Nkandla, collateral damage and litigation fall-out

by | Feb 15, 2016 | General | 0 comments

The circus in Rome, with its gladiatorial combat to the death and the thumbs up or down of the crowd came to mind when a whole rugby team (including substitutes) of counsel descended on the Constitutional Court to do battle over the failure of the president to implement the remedial action required of him by the Public Protector in her report of March 2014, aptly titled “Secure in Comfort” It is doubtful that the president will now remain secure at all.

Most observers are ad idem that the court will exercise its jurisdiction in the dispute between the EFF and DA as applicants and the President, Minister of Police and Speaker of the National Assembly as respondents in which the Public Protector joined and Corruption Watch appeared as a friend of the court. It is still an open question as to whether jurisdiction will be on the basis that the matter falls within the exclusive jurisdiction of the court or is one in which it should sit in the interests of justice. Either way, it seems unlikely that the justices will decline to hear the matter and send it off to the High Court. After all, the President has called for finality in the matter.

As regards the merits of the case, the “pay back the money” part of the dispute, the Constitutional Court could choose to follow the line taken by the Supreme Court of Appeal in the SABC matter concerning the chequered career of its current Chief Operations Officer. In that case the powers of the Public Protector were described in the following terms:

“[52] The Public Protector cannot realise the constitutional purpose of her office if other organs of State may second-guess her findings and ignore her recommendations. Section 182(1)(c) must accordingly be taken to mean what it says. The Public Protector may take remedial action herself. She may determine the remedy and direct its implementation. It follows that the language, history and purpose of s 182(1)(c) make it clear that the Constitution intends for the Public Protector to have the power to provide an effective remedy for State misconduct, which includes the power to determine the remedy and direct its implementation…

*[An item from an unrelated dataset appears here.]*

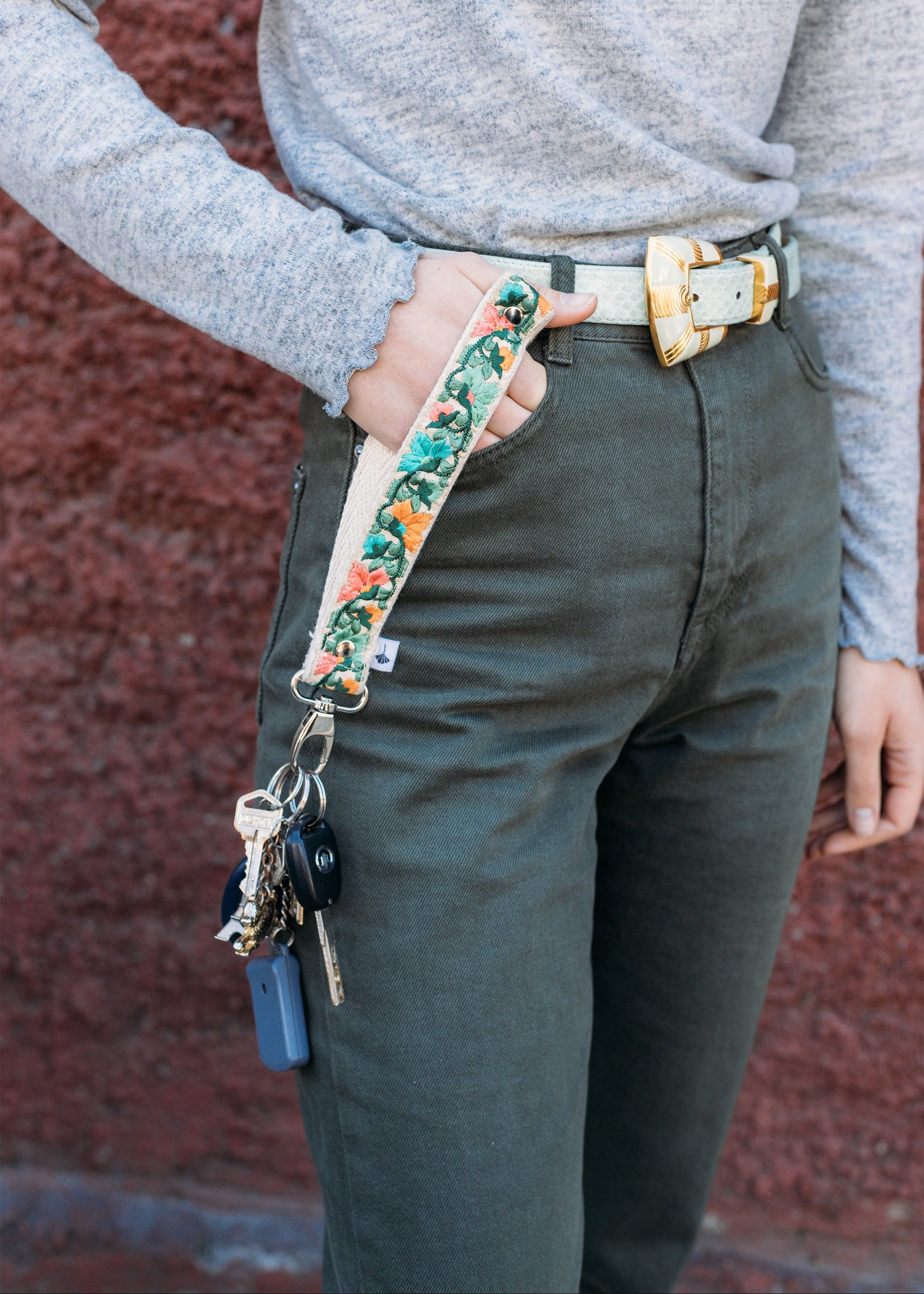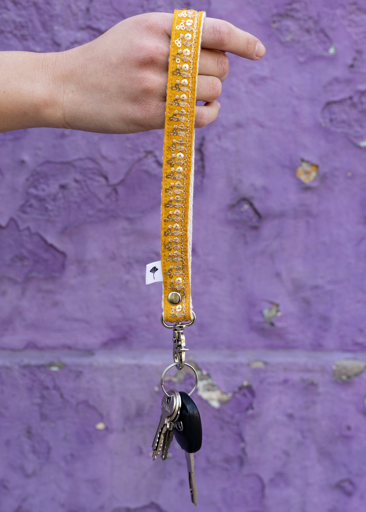 Llaveros con base 100% algodón y cinta a elección, de 22 cm de largo total (incluyendo broche). Ideal para llaves y celulares

[53] To sum up, the office of the Public Protector, like all Chapter Nine institutions, is a venerable one. Our constitutional compact demands that remedial action taken by the Public Protector should not be ignored. State institutions are obliged to heed the principles of co-operative governance as prescribed by s 41 of the Constitution. Any affected person or institution aggrieved by a finding, decision or action taken by the Public Protector might, in appropriate circumstances, challenge that by way of a review application. Absent a review application, however, such person is not entitled to simply ignore the findings, decision or remedial action taken by the Public Protector. Moreover, an individual or body affected by any finding, decision or remedial action taken by the Public Protector is not entitled to embark on a parallel investigation process to that of the Public Protector, and adopt the position that the outcome of that parallel process trumps the findings, decision or remedial action taken by the Public Protector…Before us, all the parties were agreed that a useful metaphor for the Public Protector was that of a watchdog. As is evident from what is set out above, this watchdog should not be muzzled.”

A finding to similar effect by the Constitutional Court will bring much needed certainty and clarity to the functioning of the Office of the Public Protector. Too many civil servants and others have embraced the “error in law” committed by the president by following him in refusing, for no good reason, to follow the “recommendations” of the Public Protector. In law, the Public Protector does not make recommendations on a “take it or leave it” basis; she takes remedial action of a kind that, in the absence of successful judicial review proceedings, is binding on those to whom the remedial action applies. Our constitutional democracy will be suitably fortified and promoted by taking the same line of argument as that adopted in the passage quoted above.

In the “Secure in Comfort” report the findings against the president are succinctly set out:

“ Remedial action to be taken in terms of section 182(1)(c) of the constitution is the following: 11.1. The President is to: 11.1.1. Take steps, with the assistance of the National Treasury and the SAPS, to determine the reasonable cost of the measures implemented by the DPW at his private residence that do not relate to security, and which include Visitors’ Centre, the amphitheatre, the cattle kraal and chicken run, the swimming pool. 11.1.2. Pay a reasonable percentage of the cost of the measures as determined with the assistance of National Treasury, also considering the DPW apportionment document. 11.1.3. Reprimand the Ministers involved…”

Reprimanding ministers who have already been sold down the Nile by the president is sure to be an unpleasant task. As to the question of paying back the money: the list of items set out by the Public Protector does not appear to be necessarily complete or exclusive, so it is possible that other non-security aspects of the work done at Nkandla will feature in the deliberations on the quantum to be paid back. Already, at the behest of the Special Investigations Unit, the president’s architect is being sued for R155 million, an action which is being stoutly defended by him.

The president himself, already conflicted and compromised, is sure to lose the support of more right thinking people as trust in his probity and integrity is further eroded by his flip-flop, confidence in his leadership is undermined by his volte face and faith in his ability to build strong institutions is shaken to the core. Whether he can survive politically remains to be seen.


Paul Hoffman SC is a director of Accountability Now.